On Monday 19 March 2007 00:46, Jeremy Fitzhardinge wrote:
Andi Kleen wrote:
quoted
Yes. All inline assembly tells gcc what registers are clobbered
and it fills in the tables. Hand clobbering in inline assembly cannot
be expressed with the current toolchain, so we moved all those
out of line.
But again I'm not sure it will work anyways. For once you would
need large padding around the calls anyways for inline replacement --
how would you generate that? I expect you would need to put the calls
into asm() again and with that a custom annotiation format looks
reasonable.
Inlining is most important for very small code: sti, cli, pushf;pop eax,
etc (in many cases, no-ops). We'd have at least 5 bytes to work in, and
maybe more if there are surrounding push/pops to be consumed.
For example, say we wanted to put a general call for sti into entry.S,
where its expected it won't touch any registers. In that case, we'd
have a sequence like:
push %eax
push %ecx
push %edx
call paravirt_cli
pop %edx
pop %ecx
pop %eax
This cannot right now be expressed as inline assembly in the unwinder at all
because there is no way to inject the push/pops into the compiler generated
ehframe tables.
[BTW I plan to resubmit the unwinder with some changes]
If we parse the relocs, then we'd find the reference to paravirt_cli.

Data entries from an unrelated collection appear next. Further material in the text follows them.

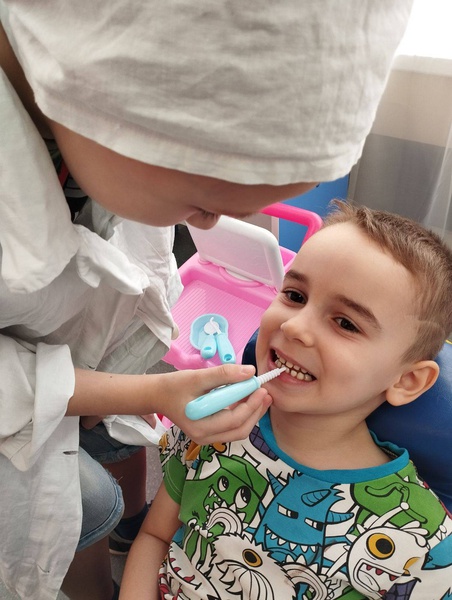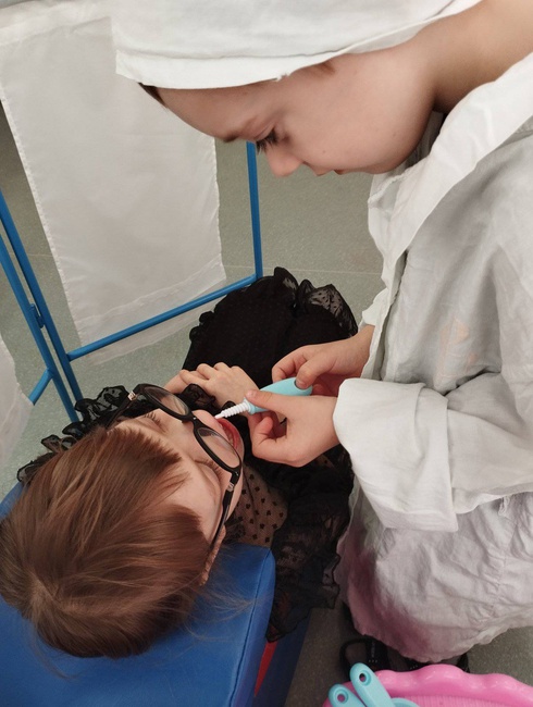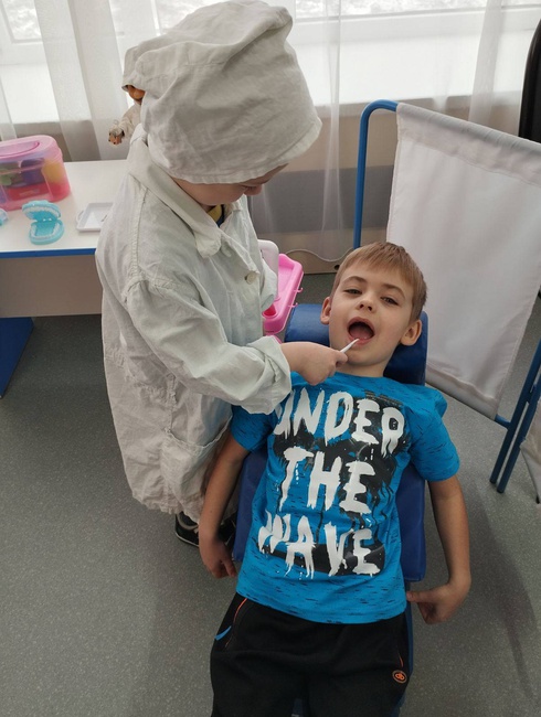 В сюжетно ролевой игре "Больница: стоматолог" ребята познакомились с профессией стоматолога. В предварительной беседе ребята закрепили знания о том как надо сохранять свои зубки, какие правила соблюдать , чтоб обезопасить и не повредить их. Ребята продолжили учится распределять между собой роли: пациент, медсестра, стоматолог и брать на себя ответственность за выбранную роль , выполняя определенные действия в соответствии с ролью. Ребята пополнили словарь новыми словами: стоматологический кабинет, полость рта, зубная эмаль, кариес, пинцет, зонд, бур, лоток для инструментария. Ребятам очень понравилась играть в стоматологов , решили включить эту должность в наш медицинский центр "ПРОздоровье".
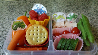 Snack that day was simple, but pretty. She had a cheddar cheese letter L, red raspberries, and letter L Cheez-Its. Luckily, the L crackers were easier to find than the Ks.
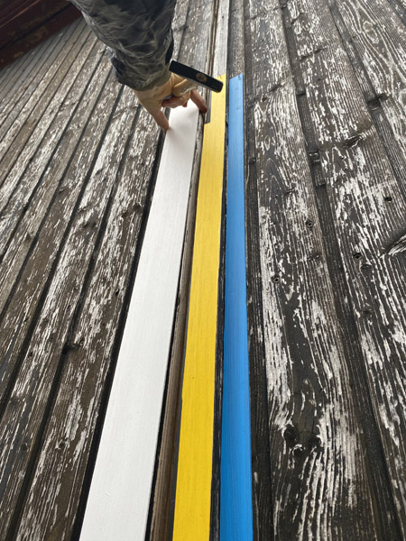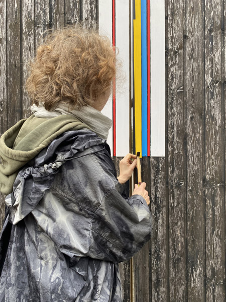 Streifen bilden ein zentrales Prinzip im Werk von Jutta Obenhuber. Sie erscheinen als wiederkehrende Struktur, die nicht nur auf der Bildfläche entsteht, sondern aus Material, Rhythmus und Wiederholung entwickelt wird. In den Scheunentorbildern greifen farbig bemalte Holzlatten die vorhandene Konstruktion der Tore auf und machen deren Gliederung sichtbar.
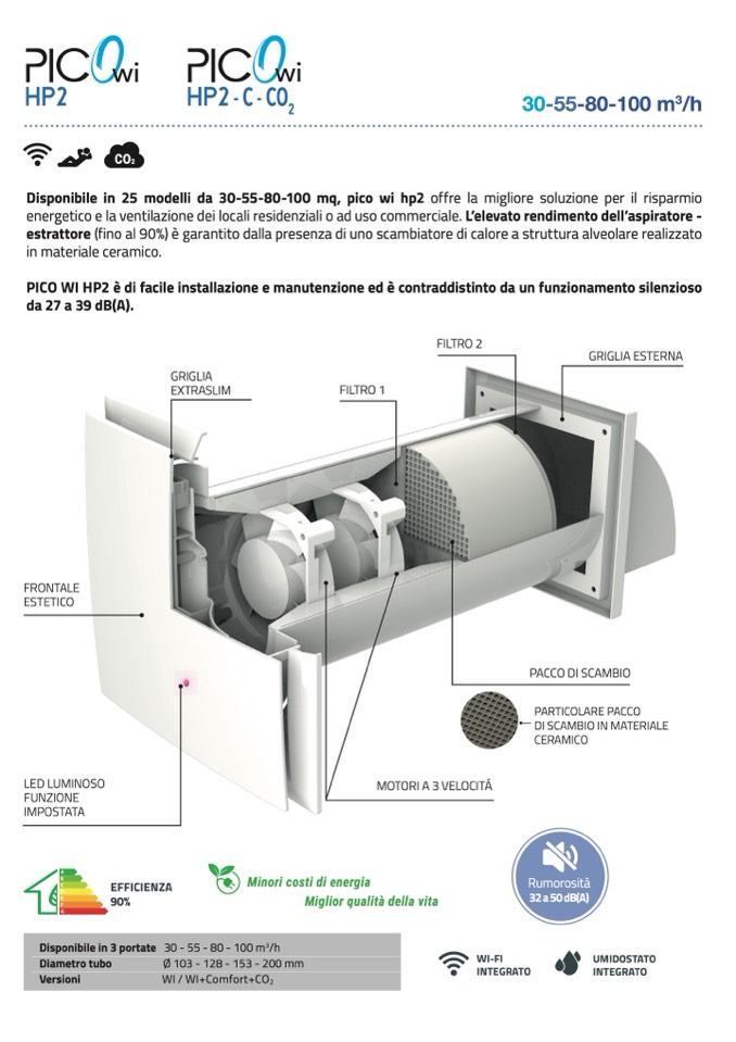 PICO WI HP2 è di facile installazione e manutenzione ed è contraddistinto da un funzionamento silenzioso
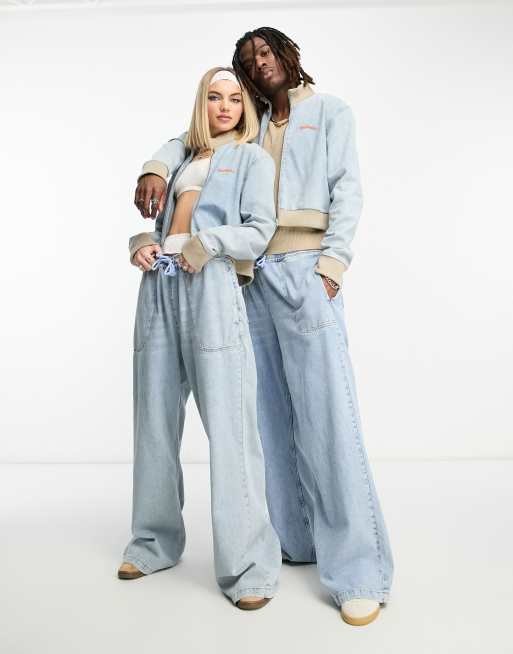 COLLUSION Unisex wide leg jeans with stitched branding co ord in light blue
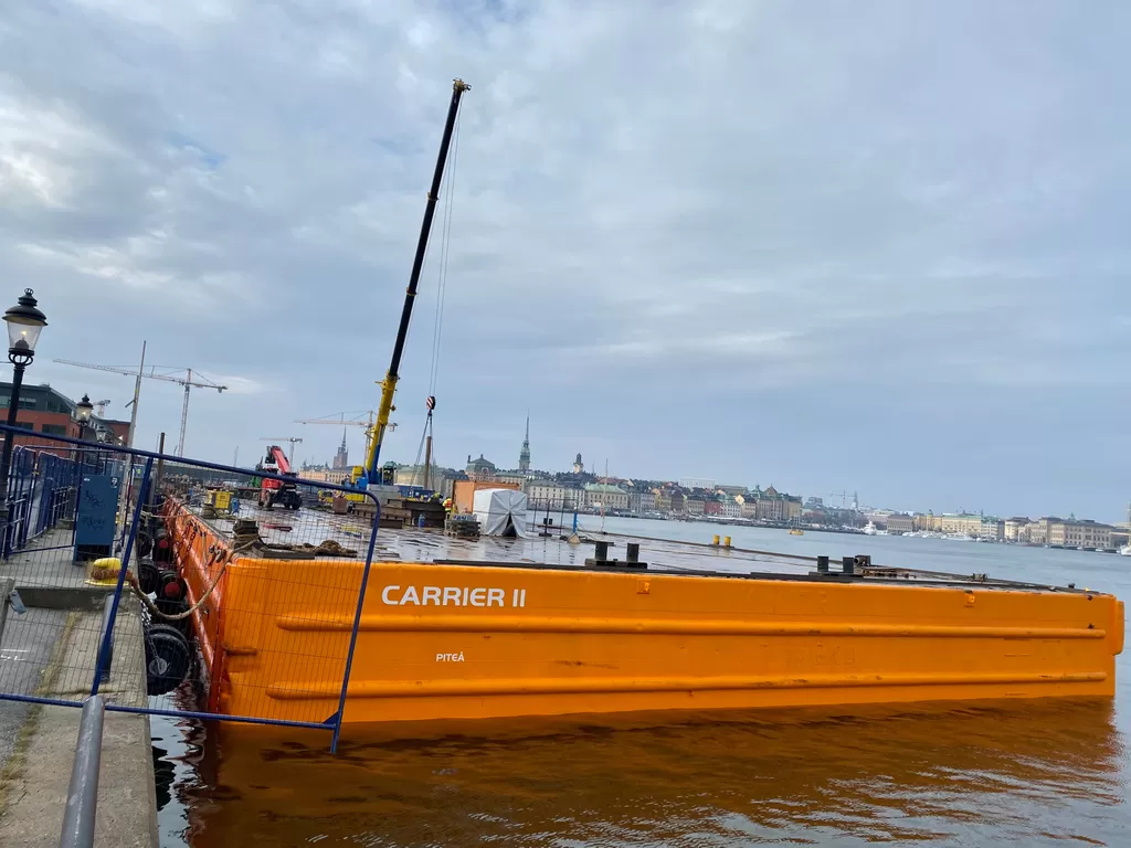 Pontonen som ska användas som tillfällig bussterminal för Nacka- och Värmdöbussarna har varit på plats sedan i mars.
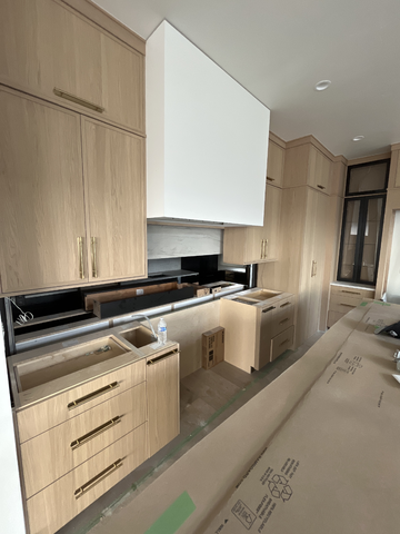 do not change the cabinets at all preserve the exact cabinet colors materials finishes door style drawer style hardware proportions reveals geometry and alignment exactly as shown do not alter the countertop flooring walls ceiling angles perspective lighting direction appliances or any architectural elements keep the camera viewpoint absolutely identical only remove clutter construction materials and unfinished areas clean the room and make it look fully finished add only minimal tasteful staging items appropriate for the space do not add any furniture or change anything about the cabinets countertop or room structure no cabinet changes no perspective changes no angle changes no color changes no resizing no shape changes no geometry changes no filler changes no hardware changes no new cabinetry no wall changes no added shadows that distort structure add a 48 slide in range below the hood to fit the opening add countertops to the base cabinets stage as a kitchen do not add or change anything else about the cabinets do not add more cabinets the layout must stay as is
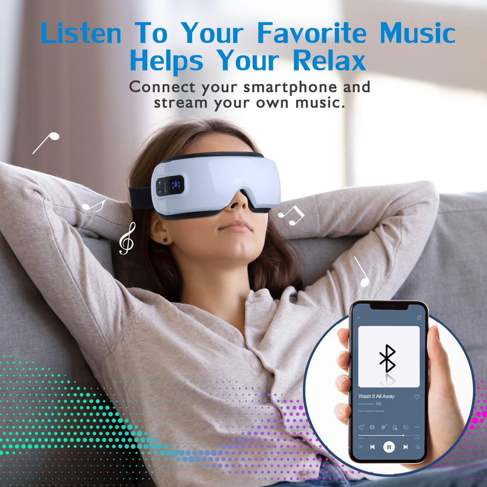 Electric Eye Massager Mask with Heat, Air Compression,Vibration, Bluetooth Music
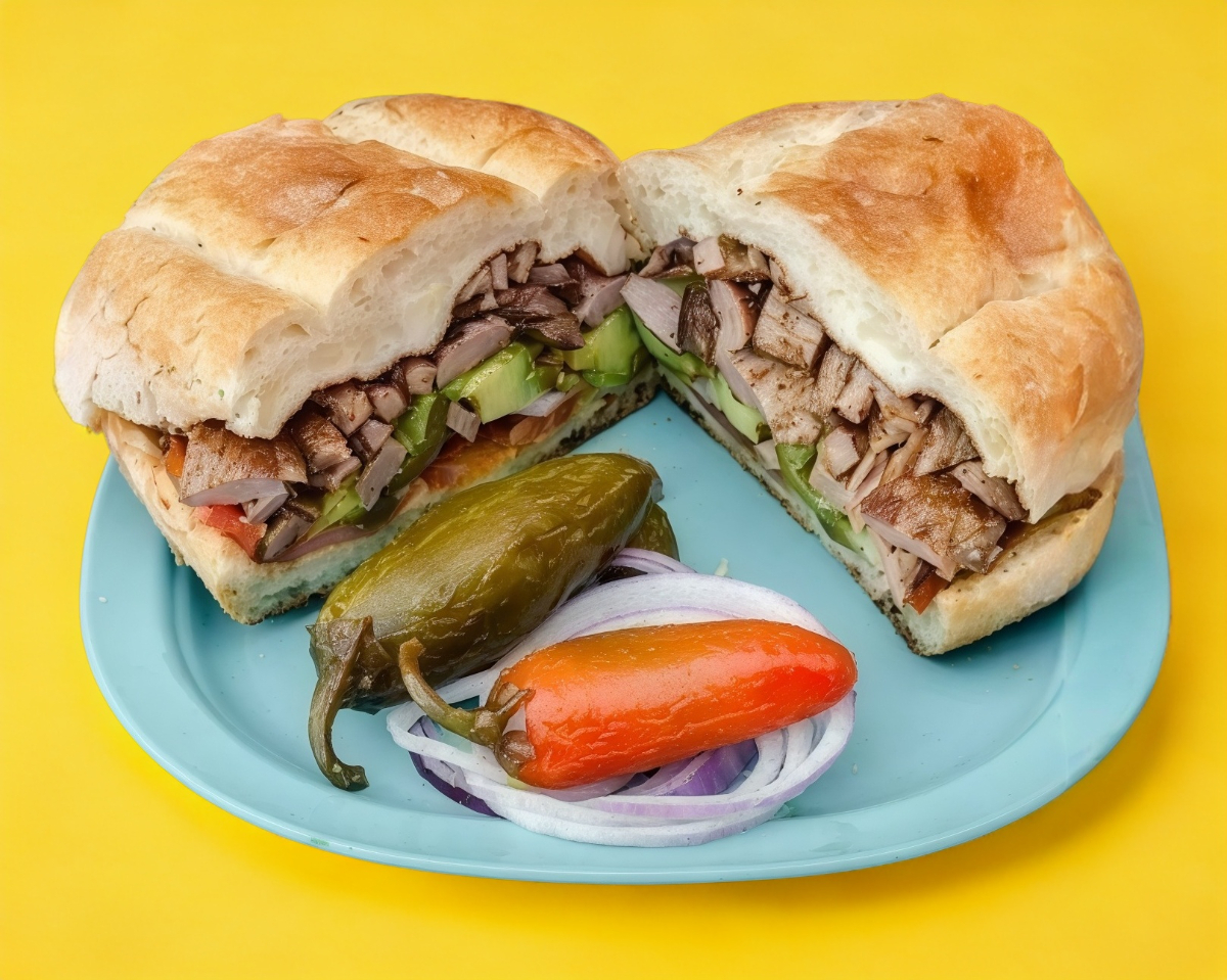 Telera doble del dia, Delicioso Pastor, bistec, longaniza, jamón de pavo, pierna española, salchicha, queso Oaxaca gratinado, frijoles, aguacate, jitomate, chile en vinagre y cebolla caramelizada. (Salsas verde y roja por aparte a gusto del cliente).
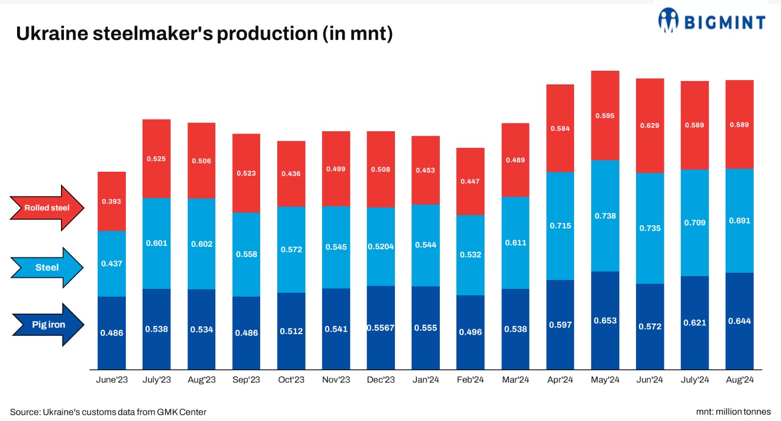 Ukrainian steelmakers have released its production figures for Aug’24.

If we look at the byte before and see 0xe8, then we can see if its a
call. If we then work out in each direction and see matched push/pops,
then we know what registers can be trashed in the call. This also
allows us to determine the callsite size, and therefore how much space
we need for inlining.
gcc normally doesn't generate push/pops around directly around the
call site, but somewhere else due to the way its register allocator works.
It can be anywhere in the function or even not there at all if the register
didn't contain anything useful. And they're not necessarily push/pops of
course.
So you would need to write it as inline assembly. I'm not sure it would
be significantly cleaner than just having tables then.
So in this case, we see that there are 5 bytes for the call and a
further 6 bytes of push/pops available for inlining.
Of course this is hand-written code anyway, so there's no particular
burden to having some extra metadata stashed away in another section.
For compiler-generated code, we know that it's already expecting
standard C ABI calling conventions. The downside, of course, is that
only the 5 byte call space is available for inline patching.
It's unlikely you can do much useful in 5 bytes I guess.
Regarding cli/sti: i've been actually thinking about changing it in the
non paravirt kernel. IIRC most save_flags/restore_flags are inside
spin_lock_irqsave/restore() and that is a separate function anyways
so a little larger special case code is ok as long as it is not slower.
There is some evidence that at least on P4 a software cli/sti flag without
pushf/popf would be faster.
-Andi